Correction estimate: once the upward trend exhausts itself, the asset usually experiences a correction, which is measured in % of the loss from its ATH value. The past performance of the given cryptocurrency and its falls from previous ATH can provide an insight into how much correction to expect, which enables investors to carry out more precise risk management.

ATH vs ATL

The opposite of ATH is ATL, or, as you probably guessed already, the all-time low, which marks the lowest price point that a given crypto has ever reached. Just as ATH can serve as a landmark for the asset's growth and potential, ATL represents its most challenging periods.

However, even the all-time low has its utility in financial analysis. Investors and analysts often examine the ATL to understand the asset's risk and volatility, as well as to identify potential buying opportunities during market downturns. It’s important to remember, though, that just like with ATHs, ATLs provide historical data, and the golden rule of investing is that past performance is no guarantee of future results.

What was the all-time high of Bitcoin and Ethereum?

Bitcoin and Ethereum reached their all-time high in November 2021, trading at $68,789 and $4,891, respectively. At the time of writing, Ethereum is down 62% from its ATH, while Bitcoin is down 57%.

While such price swings would be considered extreme in stock trading, it's not uncommon for digital assets to experience corrections of more than 70%. During the bear market, altcoins can even correct up to 99%, which is definitely a thing worth keeping in mind when investing in this type of crypto.

That being said, the sharp drop from their respective all-time highs does not necessarily spell the end for Bitcoin or Ethereum. Crypto assets are notorious for their unpredictable price movements that are often influenced, among other things, by changes in market sentiment, regulatory news, macroeconomic factors, and shifts in institutional interest. For this reason, an aspiring crypto investor shouldn't focus solely on the technical analysis aspect — it's often worth paying attention to fundamentals as well.

Where to look for ATH of crypto assets?

Now, when you've got a good understanding of what is ATH and how to analyze it, you are probably wondering where you can find such data. Well, search no more, for I have brought you three reliable sources where you can check ATH and basically any data for a given cryptocurrency!

CoinMarketCap is the most-referenced price-tracking website for all assets in the ever-growing crypto industry. This platform is a go-to source for all important metrics on any given cryptocurrency, including market capitalization, sentiment leaders, best exchanges, and historical price performance.

CoinGecko is another cryptocurrency data aggregator that tracks the prices of all crypto assets across multiple exchanges. While CoinMarketCap mainly focuses on price discovery, CoinGecko offers a wider range of information, including liquidity, developer activity, and community growth.

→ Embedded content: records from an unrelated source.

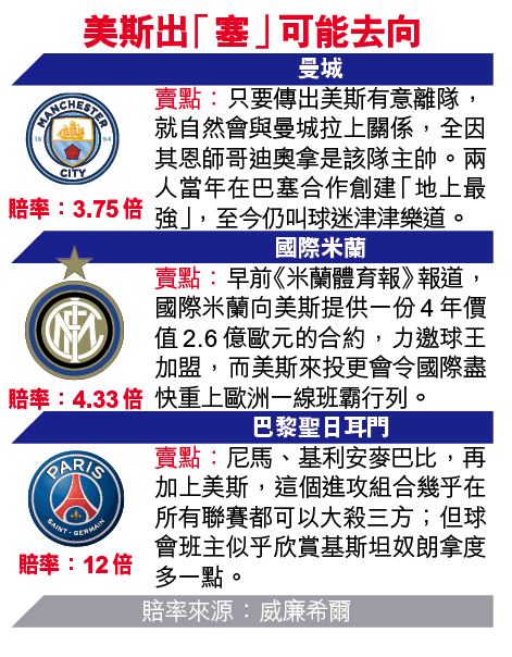 有外國博彩公司更開出美斯今夏轉會窗關閉前離開巴塞的賠率,大熱門為曼城,賠率為3.75倍,次熱為意甲的國際米蘭,賠率為4.33倍,至於前隊友、尼馬效力的巴黎聖日耳門,雖過往出手闊綽,但他們更傾向簽下美斯死敵基斯坦奴朗拿度,因此目前賠率為偏冷的12倍。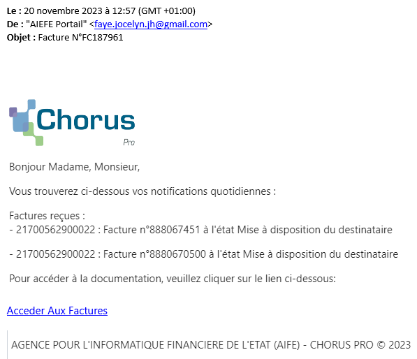 De nombreuses entreprises nous signalent être la cible de courriels, isolés ou répétés, les informant qu’une facture serait à régler sur le portail « Chorus Pro ».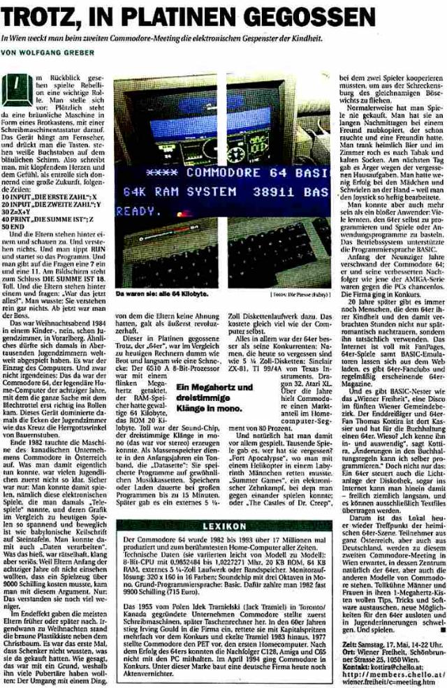 Am Tag, an dem das Meeting stattfand. gab es in der Tageszeitung "Die Presse" einen Artikel von Wolfgang Greber, der auch persönlich kurz beim Treffen war. Die Presse, Samstag 17. V. 2003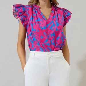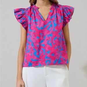 Vibrant floral print in pink and blue. Lightweight feel with flutter ruffle sleeves. V-neckline with subtle gathering at shoulders. Easy to style for day or evening looks.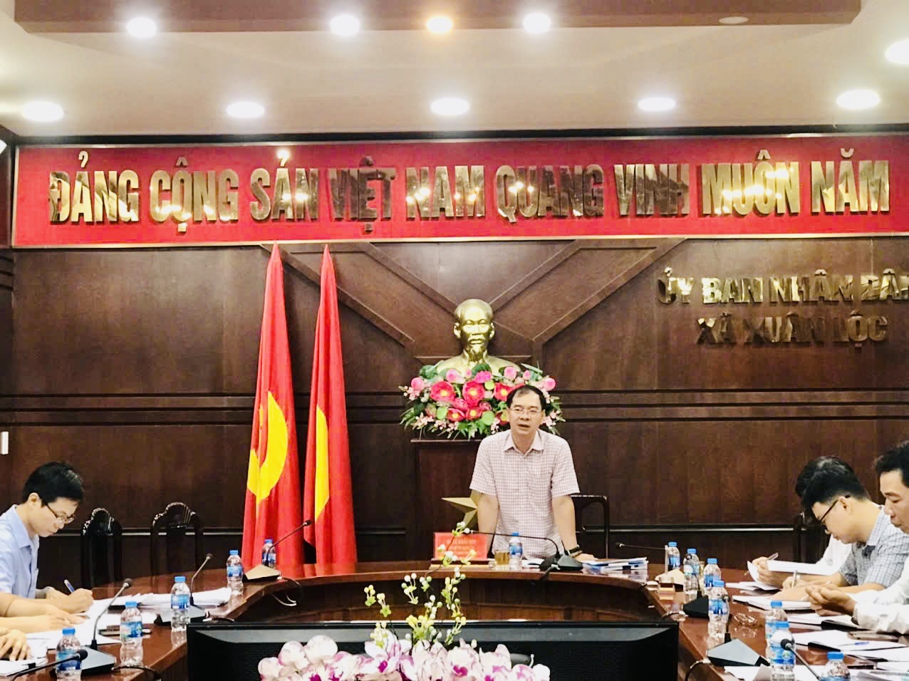 Đồng chí Lê Khắc Sơn - Phó Bí thư Đảng ủy, Chủ tịch UBND xã Xuân Lộc chủ trì buổi làm việc
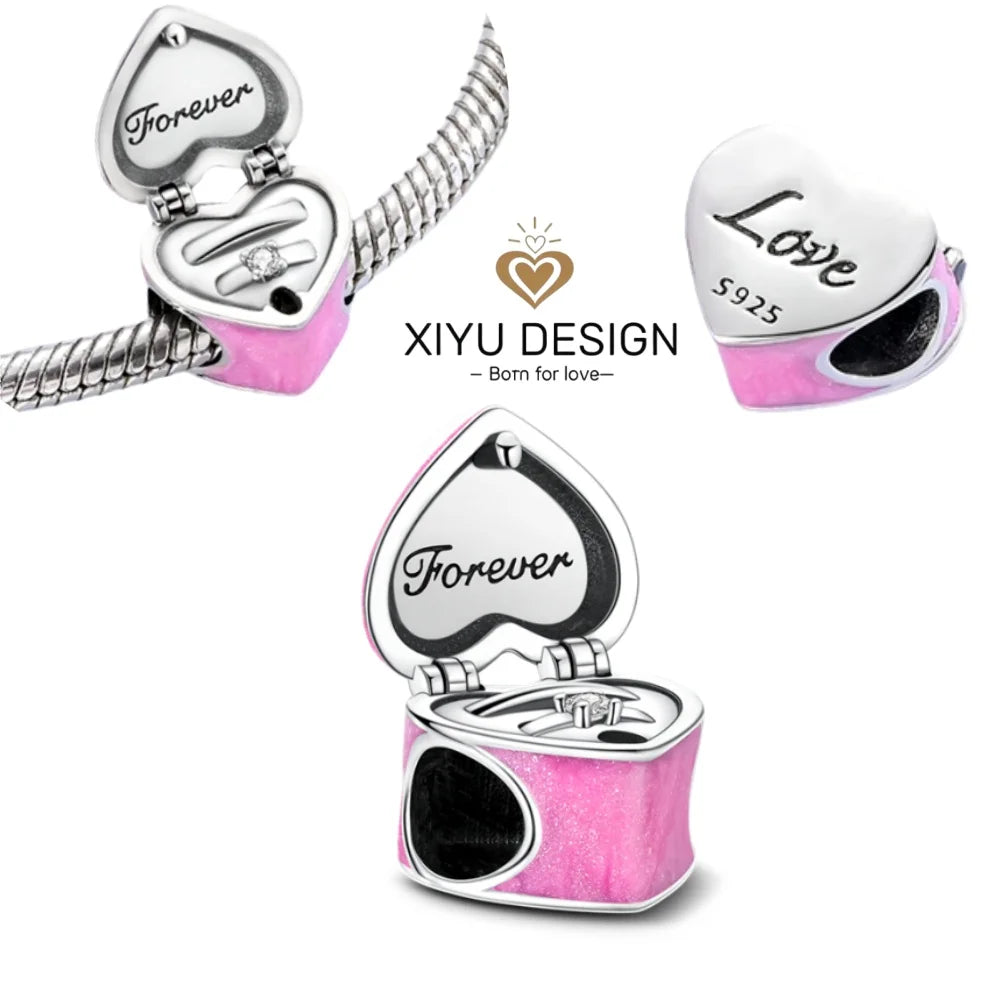 This enchanting 925 sterling silver charm features a delicate love heart design with an opening ring box motif, symbolizing eternal love and commitment. Perfect for celebrating Valentine's Day, weddings, anniversaries, and special romantic moments.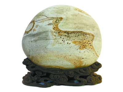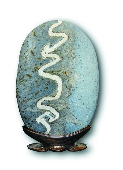 金沙江卵石的种类繁多,主要有芙蓉石、墨画石、油画石、龟纹石、螺钿石、松花石、丹彩石、牧羊石、金刚石、烫画石、彩蜡石、金沙彩等。这些石头到底有多好,水富县的石友们总结出十大美——天然美、色彩美、线条美、石质美、形象美、装饰美、朦胧美、含蓄美、空灵美、意境美。如果没有江水长年累月的冲刷和搬运,也就不会形成这么多美丽的石头。水富县奇石办多次组织当地的石商参加全国石展,几年来,捧回特等奖一枚,金奖185枚,银奖420枚,优秀奖600枚。好像是在夸自己,曹会长说得有些脸红,用手拍打起石头来。在一旁的老伴儿说,老曹一高兴就爱拍石头,说石头能听懂他的话。这倒让我想起著名美学家王朝闻赞美奇石的一首诗:“石居人外,人在石中。相击相和,创造对方。”

CoinCodex is a crypto tracking platform where users can easily access and browse through detailed and accurate data and analytics on more than 15,000 crypto assets across all major centralized and decentralized exchanges, including such key metrics as 24h trading volume, market cap, sentiment, fear & greed index, and others.

Bottom line

At its core, ATH is more than just the highest price point of a certain asset — it's a versatile tool that, when used correctly, can equip traders with a more insightful understanding of market dynamics and sentiment. At the same time, a cautious investor should always keep in mind that ATH does not provide a guaranteed forecast for future performance and can be only used to make approximate estimates, since the entire crypto industry is inherently volatile and unpredictable.